Task material Start Marker

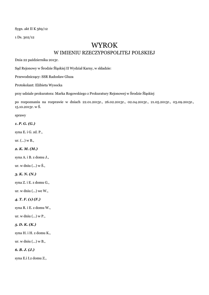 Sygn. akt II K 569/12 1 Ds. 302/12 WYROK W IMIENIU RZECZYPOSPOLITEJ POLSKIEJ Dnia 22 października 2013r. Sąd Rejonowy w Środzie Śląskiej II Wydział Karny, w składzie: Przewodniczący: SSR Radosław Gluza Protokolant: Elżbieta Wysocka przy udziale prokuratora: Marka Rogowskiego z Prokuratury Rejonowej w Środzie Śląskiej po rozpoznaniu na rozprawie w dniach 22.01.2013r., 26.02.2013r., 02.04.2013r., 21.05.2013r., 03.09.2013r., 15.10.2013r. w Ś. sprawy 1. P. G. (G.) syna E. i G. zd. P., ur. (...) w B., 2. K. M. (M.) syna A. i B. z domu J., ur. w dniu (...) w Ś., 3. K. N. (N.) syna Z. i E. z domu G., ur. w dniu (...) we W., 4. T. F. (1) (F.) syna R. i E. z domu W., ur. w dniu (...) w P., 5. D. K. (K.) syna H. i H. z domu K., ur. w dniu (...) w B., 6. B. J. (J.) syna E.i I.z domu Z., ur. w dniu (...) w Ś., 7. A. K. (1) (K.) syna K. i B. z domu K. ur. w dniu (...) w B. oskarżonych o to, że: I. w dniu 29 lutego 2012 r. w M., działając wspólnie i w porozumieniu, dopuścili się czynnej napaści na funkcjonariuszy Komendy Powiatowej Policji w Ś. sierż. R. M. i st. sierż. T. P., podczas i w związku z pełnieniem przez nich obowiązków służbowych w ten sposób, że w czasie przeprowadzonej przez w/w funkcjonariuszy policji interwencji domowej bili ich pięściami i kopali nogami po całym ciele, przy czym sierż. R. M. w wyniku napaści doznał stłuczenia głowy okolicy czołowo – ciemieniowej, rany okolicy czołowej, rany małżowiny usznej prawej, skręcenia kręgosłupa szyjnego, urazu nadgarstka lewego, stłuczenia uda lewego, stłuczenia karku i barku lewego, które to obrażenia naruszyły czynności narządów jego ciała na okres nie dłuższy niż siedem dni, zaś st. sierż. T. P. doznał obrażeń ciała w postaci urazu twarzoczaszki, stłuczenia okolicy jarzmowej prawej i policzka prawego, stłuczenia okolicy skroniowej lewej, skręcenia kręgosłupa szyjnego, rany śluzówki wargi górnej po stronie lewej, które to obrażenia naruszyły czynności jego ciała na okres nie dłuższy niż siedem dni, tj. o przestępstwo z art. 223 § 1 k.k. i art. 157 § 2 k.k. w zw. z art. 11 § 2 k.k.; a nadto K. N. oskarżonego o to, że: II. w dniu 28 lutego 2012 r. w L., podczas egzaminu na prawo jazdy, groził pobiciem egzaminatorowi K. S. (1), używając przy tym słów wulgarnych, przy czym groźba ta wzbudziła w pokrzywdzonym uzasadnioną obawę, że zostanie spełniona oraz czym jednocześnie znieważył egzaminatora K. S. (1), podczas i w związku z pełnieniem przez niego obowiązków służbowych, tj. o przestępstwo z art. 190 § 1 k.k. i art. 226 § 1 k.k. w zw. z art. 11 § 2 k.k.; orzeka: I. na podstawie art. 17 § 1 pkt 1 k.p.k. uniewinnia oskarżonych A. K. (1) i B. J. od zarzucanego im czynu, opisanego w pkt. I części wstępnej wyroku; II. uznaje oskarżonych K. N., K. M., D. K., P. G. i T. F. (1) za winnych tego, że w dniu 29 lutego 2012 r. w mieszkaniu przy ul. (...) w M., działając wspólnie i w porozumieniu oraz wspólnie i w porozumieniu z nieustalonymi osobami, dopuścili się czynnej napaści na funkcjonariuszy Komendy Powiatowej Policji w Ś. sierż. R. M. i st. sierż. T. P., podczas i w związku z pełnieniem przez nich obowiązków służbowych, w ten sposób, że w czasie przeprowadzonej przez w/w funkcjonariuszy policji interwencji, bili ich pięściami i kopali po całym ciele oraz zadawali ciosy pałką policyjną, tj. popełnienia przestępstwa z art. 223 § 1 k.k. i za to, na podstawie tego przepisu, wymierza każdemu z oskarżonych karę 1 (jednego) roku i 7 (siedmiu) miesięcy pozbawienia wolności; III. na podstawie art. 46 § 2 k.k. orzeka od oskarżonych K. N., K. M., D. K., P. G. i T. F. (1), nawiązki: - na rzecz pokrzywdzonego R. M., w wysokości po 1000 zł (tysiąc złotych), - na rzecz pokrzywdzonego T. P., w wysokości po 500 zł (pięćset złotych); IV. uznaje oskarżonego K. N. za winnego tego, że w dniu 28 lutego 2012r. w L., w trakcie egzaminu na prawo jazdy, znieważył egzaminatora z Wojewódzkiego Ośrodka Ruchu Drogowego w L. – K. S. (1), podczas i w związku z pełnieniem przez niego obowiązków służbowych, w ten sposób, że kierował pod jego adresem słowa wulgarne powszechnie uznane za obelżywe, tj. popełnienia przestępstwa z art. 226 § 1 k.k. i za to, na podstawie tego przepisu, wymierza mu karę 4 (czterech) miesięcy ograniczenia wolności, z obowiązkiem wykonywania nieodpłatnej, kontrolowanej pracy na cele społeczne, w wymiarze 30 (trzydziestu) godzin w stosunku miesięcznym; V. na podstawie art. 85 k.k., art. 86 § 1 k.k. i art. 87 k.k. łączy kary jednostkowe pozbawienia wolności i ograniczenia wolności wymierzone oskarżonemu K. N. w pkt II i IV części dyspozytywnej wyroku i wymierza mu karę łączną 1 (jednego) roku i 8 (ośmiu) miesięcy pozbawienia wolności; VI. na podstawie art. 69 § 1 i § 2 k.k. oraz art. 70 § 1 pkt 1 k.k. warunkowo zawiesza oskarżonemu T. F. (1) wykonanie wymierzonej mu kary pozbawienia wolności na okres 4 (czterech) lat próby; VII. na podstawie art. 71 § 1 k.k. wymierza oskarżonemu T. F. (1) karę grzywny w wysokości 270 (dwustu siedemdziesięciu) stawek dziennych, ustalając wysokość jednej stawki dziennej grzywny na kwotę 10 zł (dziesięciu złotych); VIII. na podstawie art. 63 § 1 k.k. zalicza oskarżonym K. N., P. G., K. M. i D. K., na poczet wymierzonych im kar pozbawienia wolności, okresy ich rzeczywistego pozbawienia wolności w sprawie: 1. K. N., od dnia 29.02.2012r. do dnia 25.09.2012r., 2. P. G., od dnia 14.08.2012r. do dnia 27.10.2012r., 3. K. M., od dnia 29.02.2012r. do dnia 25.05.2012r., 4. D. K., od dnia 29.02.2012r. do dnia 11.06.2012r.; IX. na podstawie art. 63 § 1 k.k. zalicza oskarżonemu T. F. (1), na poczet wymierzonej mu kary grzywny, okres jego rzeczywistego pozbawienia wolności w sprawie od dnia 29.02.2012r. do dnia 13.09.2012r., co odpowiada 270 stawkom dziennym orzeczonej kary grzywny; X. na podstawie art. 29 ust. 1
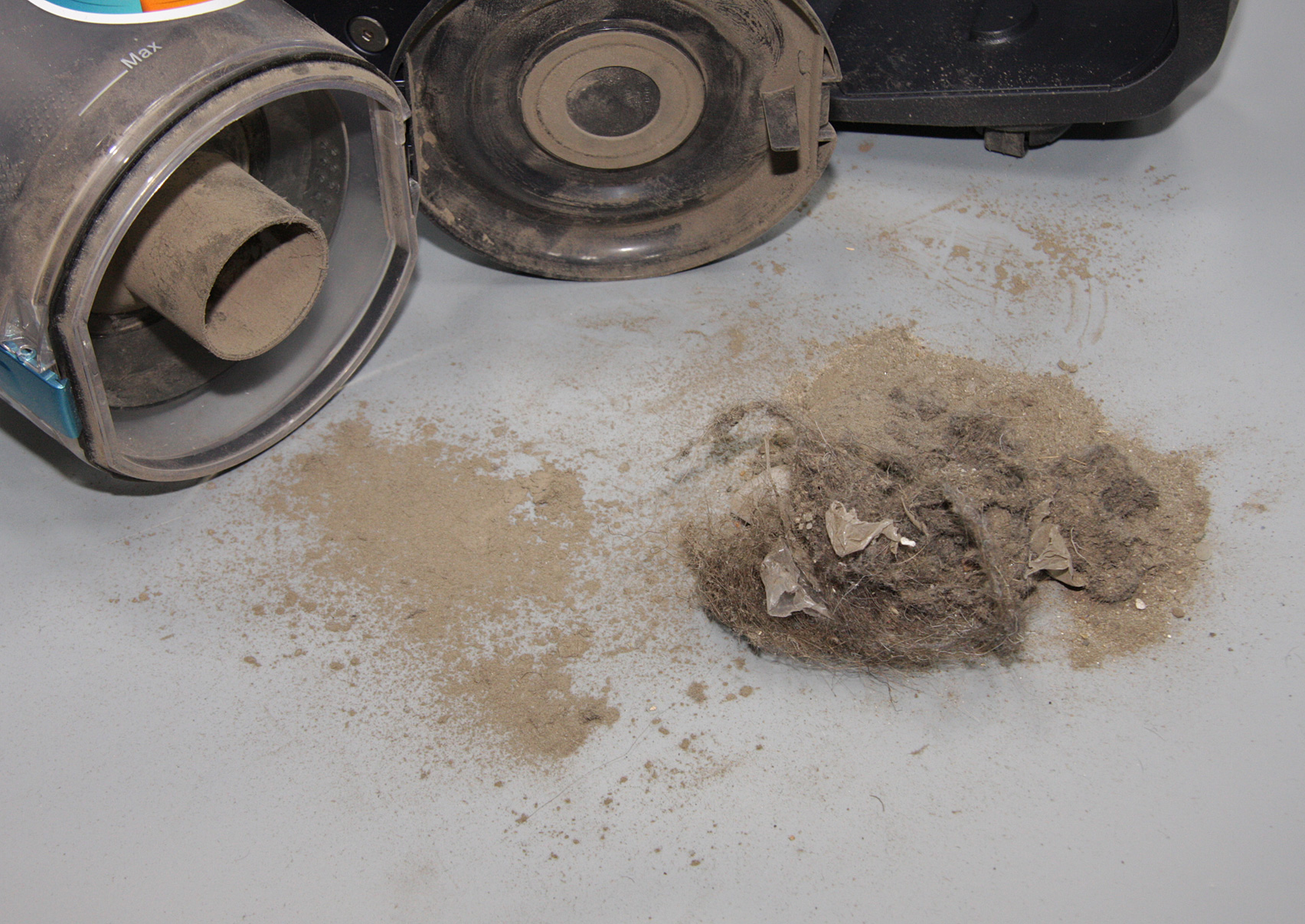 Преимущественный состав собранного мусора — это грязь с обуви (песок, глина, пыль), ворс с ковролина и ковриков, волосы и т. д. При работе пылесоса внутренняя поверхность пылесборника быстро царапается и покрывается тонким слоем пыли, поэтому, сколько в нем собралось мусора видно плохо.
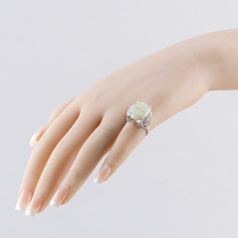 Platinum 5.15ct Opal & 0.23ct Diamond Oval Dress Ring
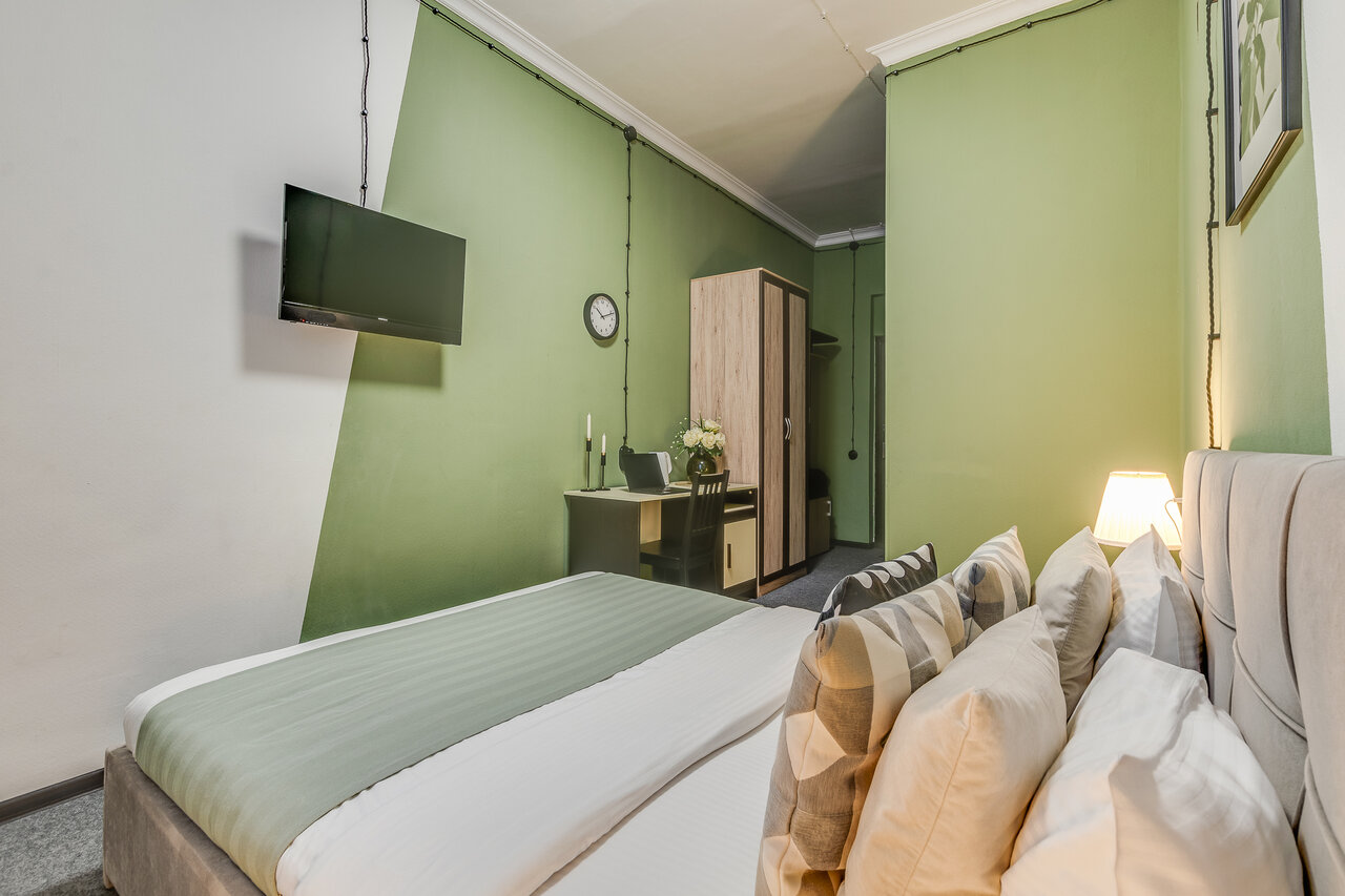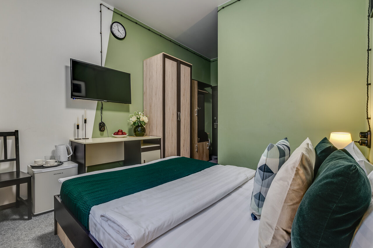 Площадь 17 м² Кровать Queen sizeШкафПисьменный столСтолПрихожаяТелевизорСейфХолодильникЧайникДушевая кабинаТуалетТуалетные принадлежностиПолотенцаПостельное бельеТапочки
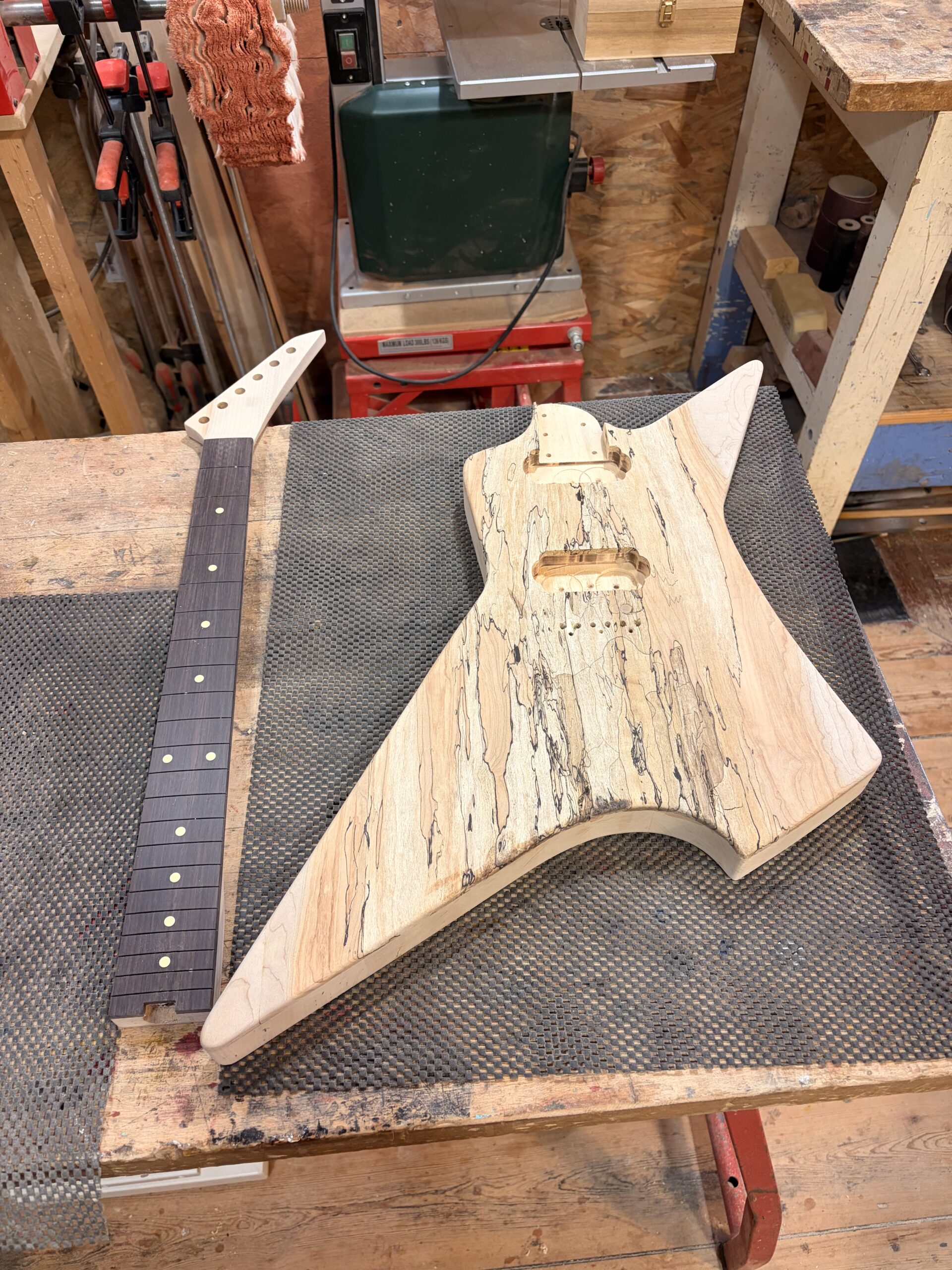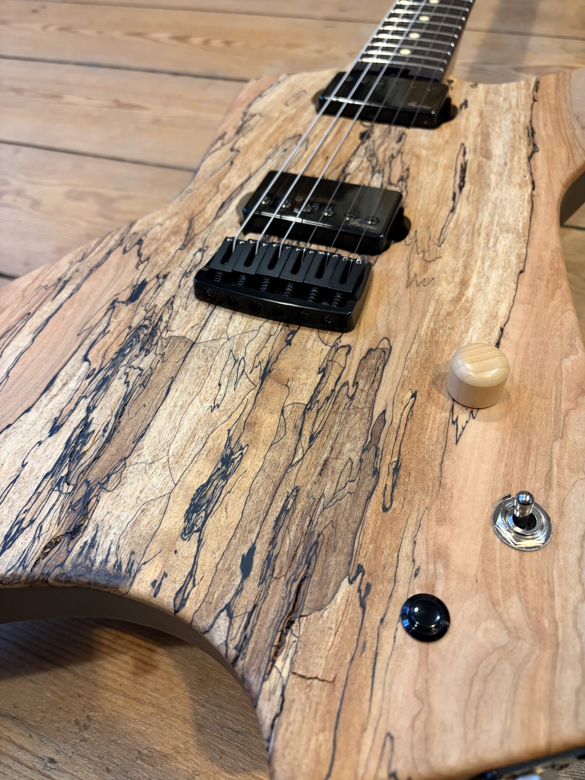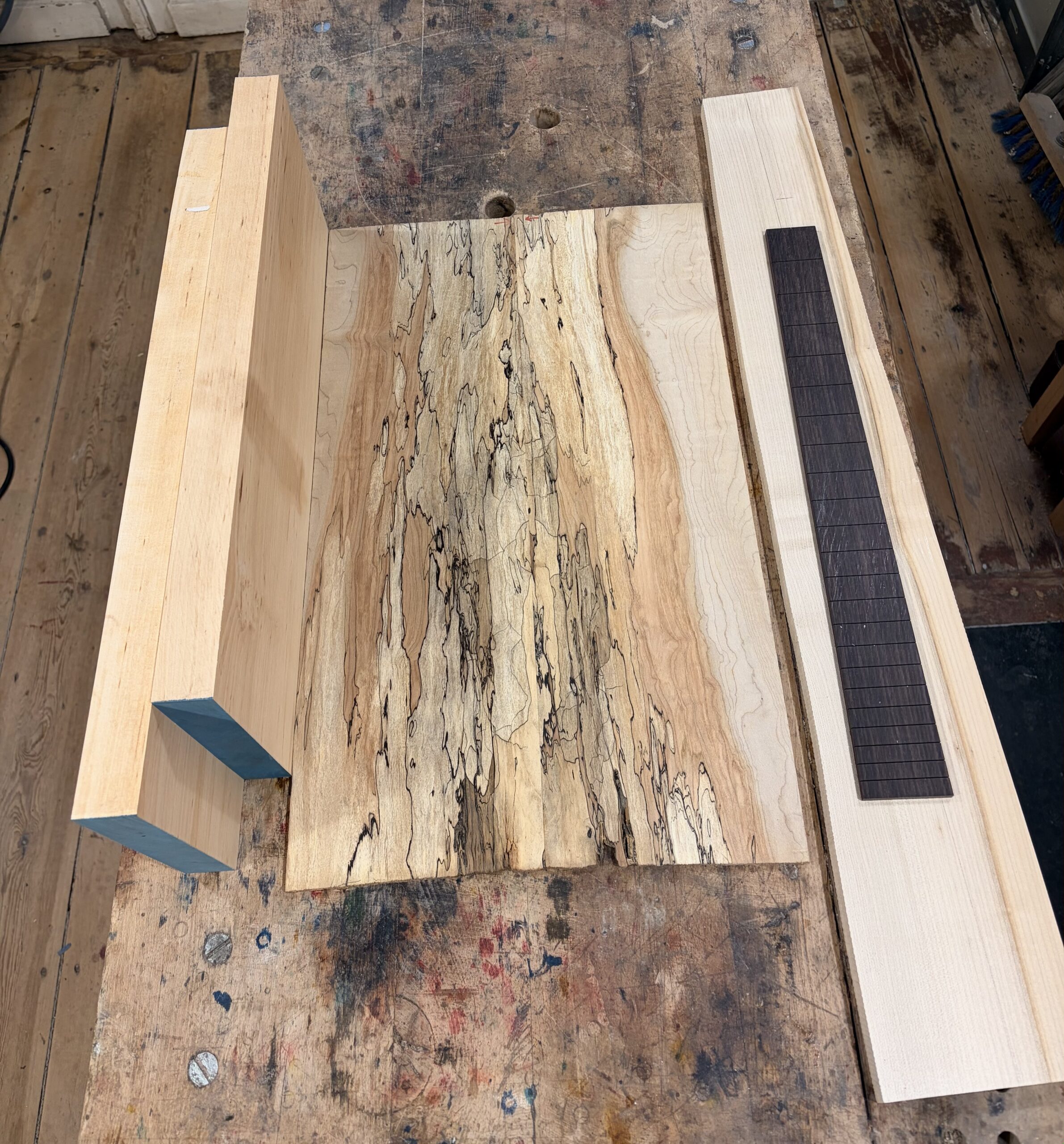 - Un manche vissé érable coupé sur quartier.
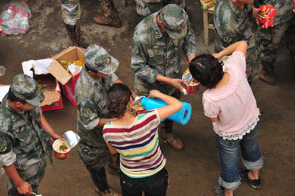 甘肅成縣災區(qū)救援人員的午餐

Task material End Marker

### Your task
The lines to repeat start at the one holding "Platinum 5.15ct Opal" and run through the last line of the records above; write them out exactly, both ends included, but not the pictures.

### Answer to the exercise
 Platinum 5.15ct Opal & 0.23ct Diamond Oval Dress Ring
 Площадь 17 м² Кровать Queen sizeШкафПисьменный столСтолПрихожаяТелевизорСейфХолодильникЧайникДушевая кабинаТуалетТуалетные принадлежностиПолотенцаПостельное бельеТапочки
 - Un manche vissé érable coupé sur quartier.
 甘肅成縣災區(qū)救援人員的午餐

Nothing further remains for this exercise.